A few years ago, I visited the National Memorial for Peace and Justice in Montgomery, Alabama. Informally known as the Lynching Museum, the Memorial consists of more than 800 coffin-shaped oxidized steel markers engraved with the names of more than 4,400 Black Americans who were publicly tortured and murdered in the United States between 1877 and 1950. Before then, I had visited the Whitney Plantation in Louisiana, once a forced labor camp that is now a museum with an exclusive focus on the lives of the enslaved. On the grounds of the Whitney stands a granite Wall of Honor with the names of more than 350 enslaved people who lived and died working there, as well as a Field of Angels monument bearing the names of 2,200 enslaved children who died in the surrounding St. John the Baptist Parish between the 1820s and 1860s.

Mindful of the 3,000 names inscribed on the 9-11 Memorial in New York and the 58,000 names of servicemen engraved on Maya Lin’s Vietnam Veterans Memorial in Washington DC, I became fascinated by how the listing of names has the power to keep past events present and vital. These memorials displaying the names of those slain serve to humanize individuals by opening a doorway into their lives while simultaneously shining a light on the mistakes we have made as a society.

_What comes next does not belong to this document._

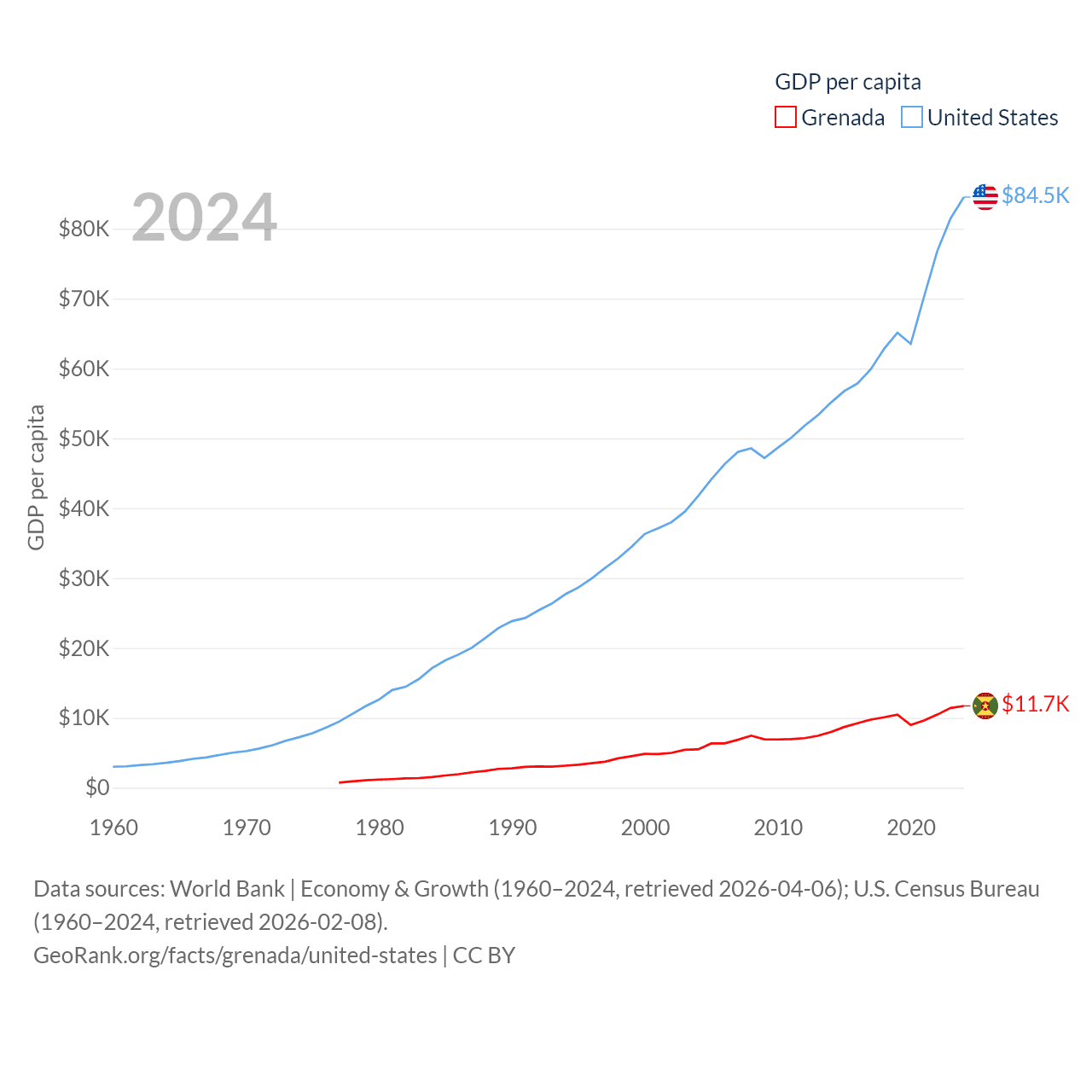 By GDP, Grenada ranks 184/197 ($1.37B) and The United States ranks 1/197 ($28.8T). By GDP per capita, Grenada ranks 80/197 ($11,705), while The United States ranks 10/197 ($84,534).

The Reclamation of Madison Hemings was envisioned as, and commissioned to be, a two-person play about Madison Hemings and Israel Gillette Jefferson, two men who were enslaved at Thomas Jefferson’s forced labor camp, Monticello. When I started researching the lives of these men, I came across the names of hundreds of other enslaved people who lived and died building and maintaining Monticello. The stories of these individuals were conspicuously absent from the historical information offered upon my first visit to the home of the author of the Declaration of Independence. Through continued research, I discovered names and glimpses into the lives of the others who had been enslaved on that hallowed ground. I felt a deep obligation to acknowledge and embrace the lives of these people who had been ignored by others for decades. However, my assignment was to write a two-person play. Faced with this quandary, I thought of the National Memorial for Peace and Justice, and the Whitney, the Vietnam Memorial, and others like them, and became determined to translate the power of these granite and steel memorials into an ephemeral flesh and blood performance for the stage. The Reclamation of Madison Hemings is the result of that effort.